Ready for gear teeth - will post that adventure on the Cincinnati No 2 refirb. Page

I was able to use the long piece of broach once and then I dropped it on the concrete shop floor and it got smaller - alas 
The 1/8 broach was an “A” size broach so it has a slot in the bushing 0.128”  I may purchase another 1/8” but will go to the “B” size for a bit more solidity.  The “B” size is 0.190” for the slot


----------



## trlvn (Jan 4, 2021)

The way the broach shattered, it is likely high-carbon steel that has been hardened but not tempered?  I presume that is (one reason?) why the price was less than half as much as, say, McMaster-Carr would charge for a HSS broach.

As long as it doesn't go PING, I would guess that hard high-carbon steel would keep a sharp edge longer than HSS steel.  [Or is my lack of experience showing again?   ]  But that the HSS would be more tolerant of pressures that weren't perfectly in line with the cutting direction.

Anyway, I think many of us are learning from your hard-won experience.  Thanks for showing both the good and the not-so-good!

Craig
(I have a little broach set--1/8 to 1/4"--but events have conspired such that I haven't tried it out yet.)


----------



## Brent H (Jan 4, 2021)

Hey Craig, the 1/8” one was pretty brittle but my shim situation was not the best.  The part I needed was about 1-1/2” deep and the broach would be more suited to 1” max depth.  As I made broach bushing I failed to account for the shim issue.  

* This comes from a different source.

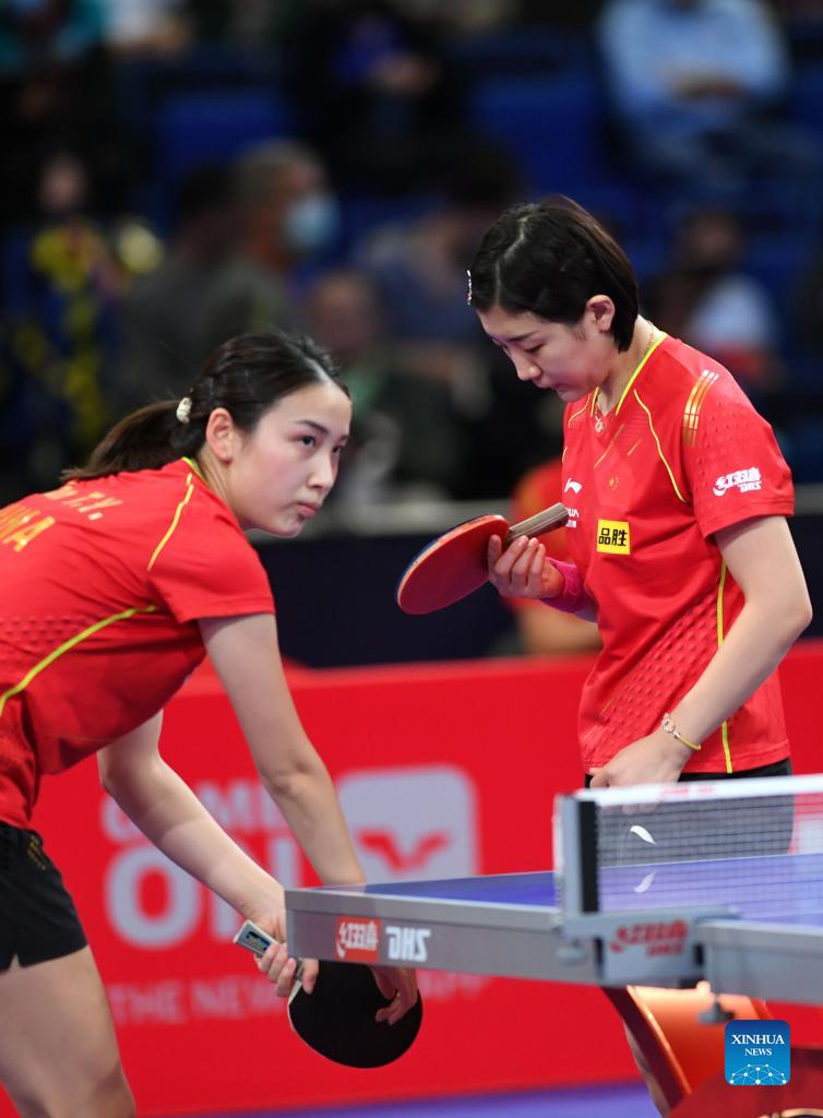 Chen Meng (R)/Qian Tianyi of China compete during the women's doubles round of 16 match between Chen Meng/Qian Tianyi of China and Barbora Balazova of Slovakia/Hana Matelova of the Czech Republic at 2021 World Table Tennis Championships Finals in Houston, the United States on Nov. 26, 2021. (Xinhua/Wu Xiaoling)

The photo above was from happier times, when the broach was young and in the groove.....alas


----------



## historicalarms (Jan 5, 2021)

trlvn said:


> The way the broach shattered, it is likely high-carbon steel that has been hardened but not tempered?  I presume that is (one reason?) why the price was less than half as much as, say, McMaster-Carr would charge for a HSS broach.
> 
> As long as it doesn't go PING, I would guess that hard high-carbon steel would keep a sharp edge longer than HSS steel.  [Or is my lack of experience showing again?   ]  But that the HSS would be more tolerant of pressures that weren't perfectly in line with the cutting direction.
> 
> ...



    Ha Ha your last comment brought back the memory of buying my "store bought" broach set probably 10 years before I ever used it...it was on sale and I can remember thinking "I might need some of them someday.

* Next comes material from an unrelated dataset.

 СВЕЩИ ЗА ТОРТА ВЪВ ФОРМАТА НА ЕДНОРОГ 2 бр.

    That day eventually arrived, I hade 8 plates, 1/2 thick each , that needed a key-way cut in them. These plated had indexing holes drilled in them and all these plates needed to run in perfect unison on a central shaft. The axle shaft hole was drilled first, bolted tightly together and then the indexing holes were drilled through all the plates at the same time. Bolts were now used in the indexing holes so they remained lined up. A bushing with a flange and shaft long enough for the entire 2" thickness of the plates was cut and now I got a chance to use my "long time owned" broach. As I said before I was amazed at how effortless the process was.
    those plates are spaced out where I need them on a central axle 5 ft long and do run in perfect alignment to each other.


----------



## Hacker (Jan 6, 2021)

Brent H said:


> View attachment 12488
> they all seemed to be the same after a bit but here is the screen shot:
> 
> View attachment 12489
> I guess they were a bit more than $24 but it was free shipping



Thanks I saw those and will give them a try.

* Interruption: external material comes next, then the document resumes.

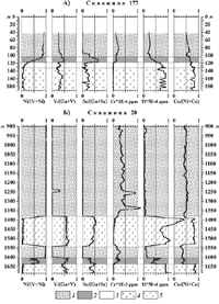Действительно, разрез скважины можно разделить на два ритма - нижний и верхний. Верхний ритм вскрывается первыми 850 метрами керна, причем его геохимическая структура ритма в деталях повторяет структуру характерную для пород Шалозёрского блока [1]. Снизу вверх наблюдается последовательная смена оливиновых, двупироксеновых и двупироксен-плагиоклазовых кумулатов, а зона двупироксеновых кумулатов осложнена перидотитовым прослоем (интрвал керна 567 589 м.). В разрезе нижнего ритма (850 1180 м) также наблюдается последовательная смена преимущественно оливиновых, двупироксеновых и двупироксен-плагиоклазовых пород, но в отличии от разреза верхнего ритма он характеризуется совершенно другим мотивом геохимической структуры. Для этой толщи характеры повышенные содержания когерентных элементов (Ni, Cr, V) и "относительно некогерентного" титана при пониженных концентрациях Sc. Это находит отражение в увеличении показателей Ni/(V+Ni) и V/(Ga+V) на фоне снижения Sc/(Ga+Sc). Указанные геохимические различия верхнего и нижнего ритмов позволяют высказать сомнения в реалистичности предположений о механическом сдвоении одного и того же разреза в керне этой скважины, которое могло произойти за счет тектонических сдвигов.

That is too bad about the broach, just when you think everything is going great and you let your attention drift, I know that feeling and it does start with an Oh f..............


----------



## Chipper5783 (Jan 6, 2021)

I had a bunch of gears to broach (~27 - they are the change gears for my spiral milling unit) - instead of shimming the broach I made up several broaching bushings that had different depth of slots.  Numbered them and switched bushings as the keyway progressed - that way the broach was supported the whole way.  Once set up to make the first bushing, it isn't a big deal to make several.


----------



## Hacker (Jan 7, 2021)

Interesting idea, what are the incremental step measurements that you used?


----------



## Chipper5783 (Jan 7, 2021)

I probably used about 70% of the ramp that the broach progresses (you don't want to take too much, so that the broach still starts well - no different than the shimming of the conventional holder).


----------



## Brent H (Jan 7, 2021)

From research, it seems that  the broaches are a two or three step process.  So for example, the taper on the 1/8” broach was about 0.032” - or about 1/32 - so for two passes using a 30 thou shim you would be on the money for half of 1/8 or 1/16” depth of cut.  The larger broaches like the 3/8” one I bought came with 2 shims.  

I would say take the depth of cut needed (like 1/16”) and divide that up into the 3 depths you would require.


----------



## Hacker (Jan 7, 2021)

Thanks Gentlemen, that explains it perfectly! I will place my order for the broaches tonight. I have a couple of projects that I can use the broaches on.


----------